# Events/shows/musicals Porto/Coimbra?



## NicoleW (Jun 21, 2012)

Hello everyone,

I'm not an expat myself, but my parents live in Portugal. As a present for their birthdays my brother and me would like to give them a night out. Preferably to an show/musical, something 'big' (like the musical "Grease", "We will rock you" that kind of thing). I have been searching the internet but have not been able to find any booking sites or anything. 
Can anyone help me find sites where events like this are announced and tickets are sold?
Or is there anyone who knows of shows like these (or any other nice shows to go to)?

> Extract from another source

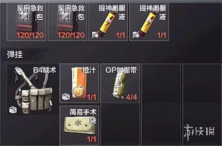 这里为新手提供一份药品清单:至少准备 1 份手术包、1 份绷带、1 份止痛药、2 个急救包,以及一瓶橙汁(当作水)。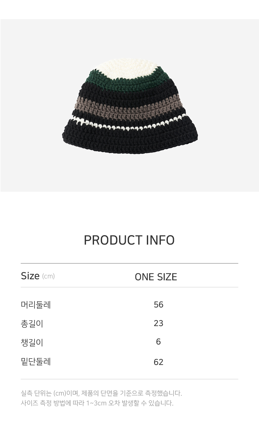 니트짜임의 구조에 따라 제품 사이즈가 1~2cm 정도 차이 날 수 있습니다.

Thank you very much for any information,
Greetings,
Nicole


----------



## anapedrosa (Mar 21, 2011)

You could try this Fnac - Espectaculos 

Try selecting Porto in localidade (right side of window)


----------



## canoeman (Mar 3, 2011)

As Ana says FNAC one of the major ticket agencies, you can also get a local look at whats on by searching the Council sites type in cm- (the name of council Porto) .pt under eventos or turismo

Or you could do a weekend/weekday break to UK for a show October Ryanair's generally cheap


----------



## NicoleW (Jun 21, 2012)

*Thanks!*

Thank you very much for your suggestions and links! Very helpful!


----------